If intermediate languages have been in usage for a long time in compilers, why is this renewed interest? The difference is that previously most of the compilers hid the use of intermediate languages as ‘implementation details’. But now, to make the best use of them, they are extended, exposed and used in conjunction with interpretation. An advantage with the intermediate language approach is ‘binary code portability’, i.e., the next level of portability promised by languages like C/C++ that provides source code portability. As long as an interpreter is there to understand and execute the intermediate code, no recompilation is necessary to move the code to a new platform. It also provides the ability to verify code and thus type-safety can be ensured and as a result, ability to build security systems on that. Intermediate languages can also provide the advantage of ‘language interoperability’. As more than one language can be converted to the same intermediate language, the code compiled through two different high-level languages can interact at intermediate code level agnostic of the different possible source languages.
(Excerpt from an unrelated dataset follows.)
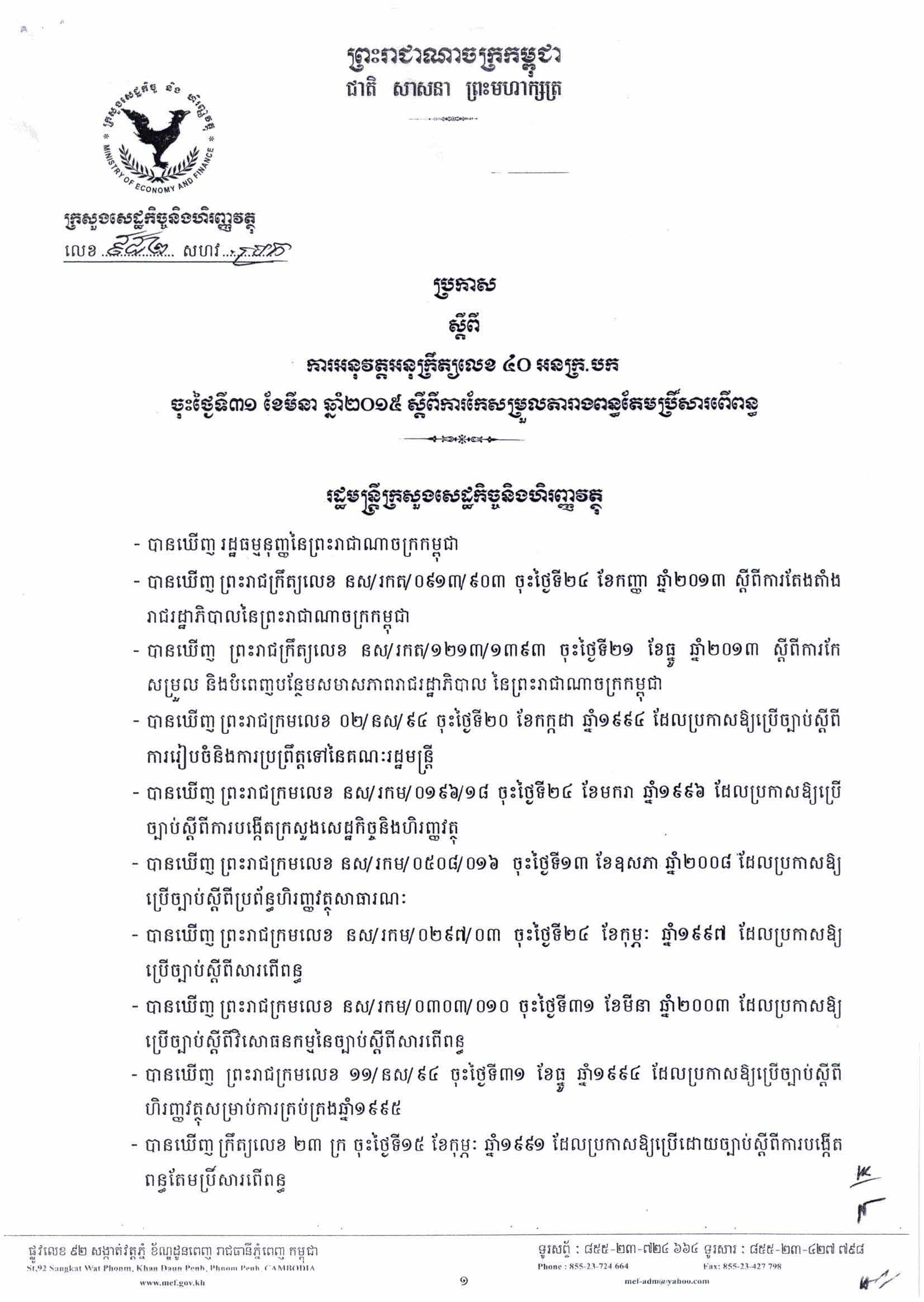 សេចក្តីជូនដំណឹង ស្តីពី ការប្រមូលពន្ធលើមធ្យោបាយដឹកជញ្ជូននិងយានជំនិះគ្រប់ប្រភេទ សម្រាប់ឆ្នាំ២០១៩

A related benefit is that the number of translators that needs to be written is also drastically reduced. This is a significant benefit as the cost of retargeting the translator is high and writing a new one is very tedious. As a result only a few translators need to be developed. To illustrate, in traditional compilation approach, for N high-level languages and M target machines, N * M translators are required. With intermediate language approach, where the IL is capable of supporting N high-level languages and M target platforms, then the number of translators required effectively reduces to just N + M. Apart from portability and interoperability, there are many features that make the use of intermediate languages attractive. One of the advantages that seems to be insignificant at the first look is that the file size tends to be small compared to the equivalent native code. That is one of the reasons why intermediate code approach was popular around 1980s when disk and memory space was precious. The small size of the code is advantageous even now: in the networked environment, the small size of applets (nothing but Java class files) makes their transmission across the network faster.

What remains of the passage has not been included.